» Prompt
In the listing below, find the line containing "办公室摆件领导高档老板办公桌笔筒装饰工艺品商务定制开业礼物" and the line containing "為完成2018年全省全部脫貧". Repeat exactly those two lines and every line between them.

» Available data

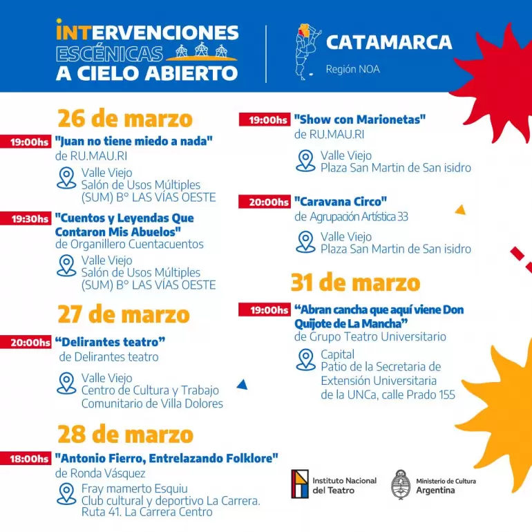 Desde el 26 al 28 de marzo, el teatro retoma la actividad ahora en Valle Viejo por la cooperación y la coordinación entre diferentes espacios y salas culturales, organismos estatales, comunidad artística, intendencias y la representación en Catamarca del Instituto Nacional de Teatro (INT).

---

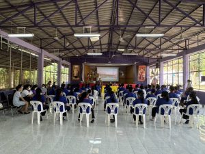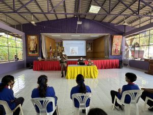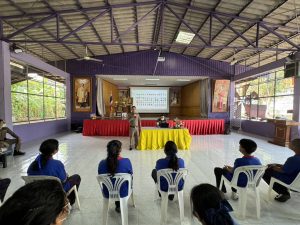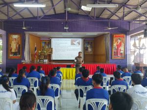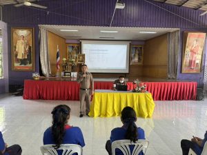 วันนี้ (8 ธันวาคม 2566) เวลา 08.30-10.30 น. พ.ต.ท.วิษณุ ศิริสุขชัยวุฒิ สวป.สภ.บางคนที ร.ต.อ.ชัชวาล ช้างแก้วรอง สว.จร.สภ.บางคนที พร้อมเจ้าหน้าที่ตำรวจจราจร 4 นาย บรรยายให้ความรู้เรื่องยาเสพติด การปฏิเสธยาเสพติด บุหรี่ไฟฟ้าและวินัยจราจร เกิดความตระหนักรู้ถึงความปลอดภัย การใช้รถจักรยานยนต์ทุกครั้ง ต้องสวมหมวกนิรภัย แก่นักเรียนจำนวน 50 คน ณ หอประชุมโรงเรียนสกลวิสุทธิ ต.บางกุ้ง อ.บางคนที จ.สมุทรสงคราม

...

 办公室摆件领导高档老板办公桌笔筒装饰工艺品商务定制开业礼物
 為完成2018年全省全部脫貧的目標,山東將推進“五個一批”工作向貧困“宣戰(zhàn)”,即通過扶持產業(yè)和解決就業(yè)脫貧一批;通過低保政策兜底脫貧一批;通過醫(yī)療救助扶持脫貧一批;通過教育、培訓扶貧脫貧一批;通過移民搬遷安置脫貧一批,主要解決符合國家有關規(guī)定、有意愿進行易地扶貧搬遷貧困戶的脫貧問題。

» Exercise output
 办公室摆件领导高档老板办公桌笔筒装饰工艺品商务定制开业礼物
 為完成2018年全省全部脫貧的目標,山東將推進“五個一批”工作向貧困“宣戰(zhàn)”,即通過扶持產業(yè)和解決就業(yè)脫貧一批;通過低保政策兜底脫貧一批;通過醫(yī)療救助扶持脫貧一批;通過教育、培訓扶貧脫貧一批;通過移民搬遷安置脫貧一批,主要解決符合國家有關規(guī)定、有意愿進行易地扶貧搬遷貧困戶的脫貧問題。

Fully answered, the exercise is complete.